Records provided:
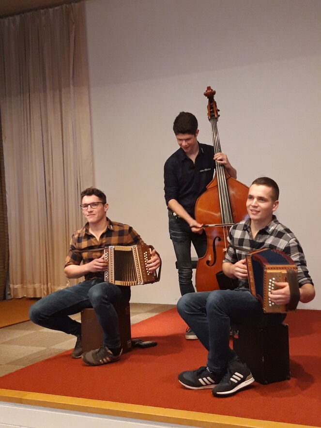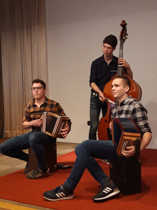 Am Sonntag 19. November hat der Pfarreirat nach dem Gottesdienst zum traditionellen Pfarreizmittag im Pfarreiheim eingeladen - und viele sind der Einladung gerne gefolgt. Bei einem feinen Zmittag und bester musikalischer Unterhaltung durch die junge Volksmusikformation Hütte-Höckler wurden alle bestens unterhalten. Natürlich durften auch die Informationen aus dem Pfarreirat nicht fehlen; gespannt wurde zugehört, was die Präsidentin Christina Wäger und Iréne Müggler zu berichten wussten. Die Pfarreibeauftrage Brigitta Schmid fand treffende Worte zum Abschluss, der dann aber mit einem feinen Dessert weiter hinausgeschoben werden konnte.
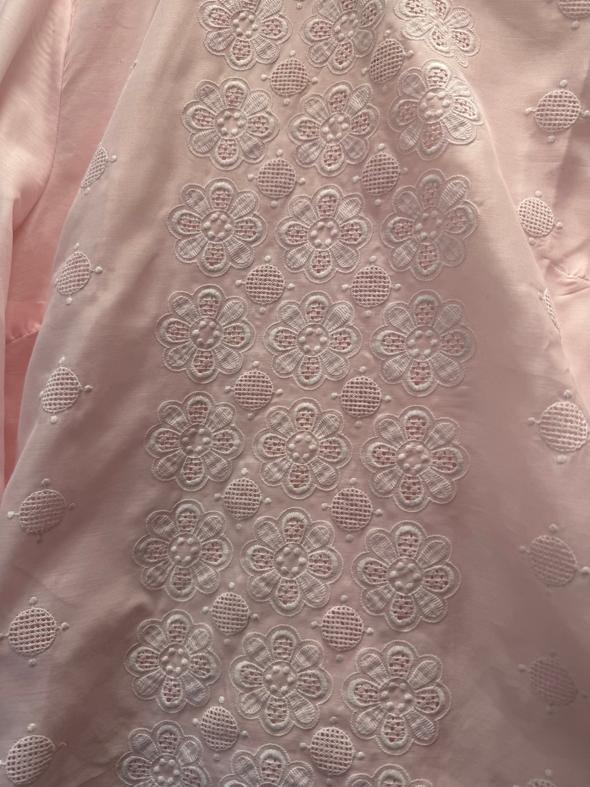 Blouse rose pâle, broderie florale ajourée, col haut, fermeture éclair dans le dos.
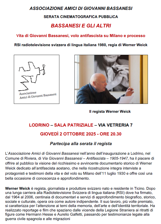 Lodrino, Sala patriziale, 2.10.2025, proiezione del documentario Bassanesi e gli altri, RSI 1980, regia di Werner Weick, con partecipazione del regista alla serata
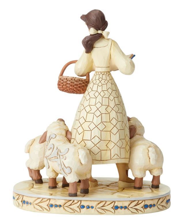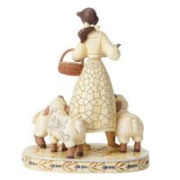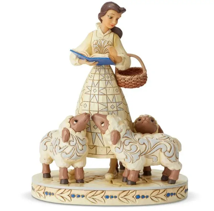 Daydream away with this imaginative, brave beauty designed by Jim Shore! In this lovely White Woodland piece, Belle tells tales of romance and far-off adventure to her sheep friends, not knowing she will soon find love on her own enchanting journey.
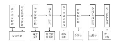编制阶段 | 项目设计书可行性研究 | 初步设计、 扩大初步设计 | 施工图设计 | 招标投标 | 施工 | 竣工验收 |
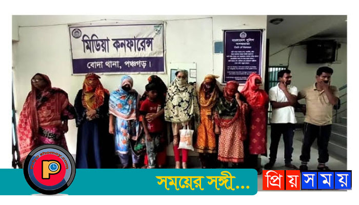 শনিবার (১৭ মে) বিকেলে বিষয়টি নিশ্চিত করেছেন নীলফামারী ৫৬ বিজিবি ব্যাটালিয়নের ভারপ্রাপ্ত অধিনায়ক রিয়াদ মোর্শেদ। আটককৃতরা হলেন, সাতক্ষীরার কালিগঞ্জ উপজেলার বাগবাটি গ্রামের তাসলিমা খাতুন (৪০), কলারোয়া উপজেলার চিতলা গ্রামের মর্জিনা (৪০), নড়াইলের কালিয়া উপজেলার শুক্র গ্রামের নিরুফা বেগম (৪০), যশোরের শার্শা উপজেলার রাজাপুর গ্রামের সাজিদা খাতুন (৪০), ফরিদপুরের সদরপুর উপজেলার আটরশি গ্রামের জাহিদুল ইসলাম (৪০), একই গ্রামের ফাইজান শেখ (১০), নোয়াখালীর শ্যামবাগ উপজেলার ডোমনাকান্তি গ্রামের ওমর ফারুক (৩৭), নারায়নগঞ্জের বন্দর উপজেলার মদনপুর গ্রামের মীম আক্তার (২২), সোনারগাঁও উপজেলার চৌরাপাড়া গ্রামের শাহনাজ (৩৪), নরসিংদীর মাদবদী উপজেলার বালাপুরেরচর গ্রামের তানিয়া (৩৫) ও খুলনার তেরখাদা উপজেলার বাউনডাংগা গ্রামের আলেয়া (৭০)।

Exercise directions: The data above holds the lines to copy: start at the one with "Blouse rose pâle, broderie", stop at the one with "编制阶段 | 项目设计书可行性研究", include both, copy them exactly without pictures, and copy nothing else.

Written response:
 Blouse rose pâle, broderie florale ajourée, col haut, fermeture éclair dans le dos.
 Lodrino, Sala patriziale, 2.10.2025, proiezione del documentario Bassanesi e gli altri, RSI 1980, regia di Werner Weick, con partecipazione del regista alla serata
 Daydream away with this imaginative, brave beauty designed by Jim Shore! In this lovely White Woodland piece, Belle tells tales of romance and far-off adventure to her sheep friends, not knowing she will soon find love on her own enchanting journey.
编制阶段 | 项目设计书可行性研究 | 初步设计、 扩大初步设计 | 施工图设计 | 招标投标 | 施工 | 竣工验收 |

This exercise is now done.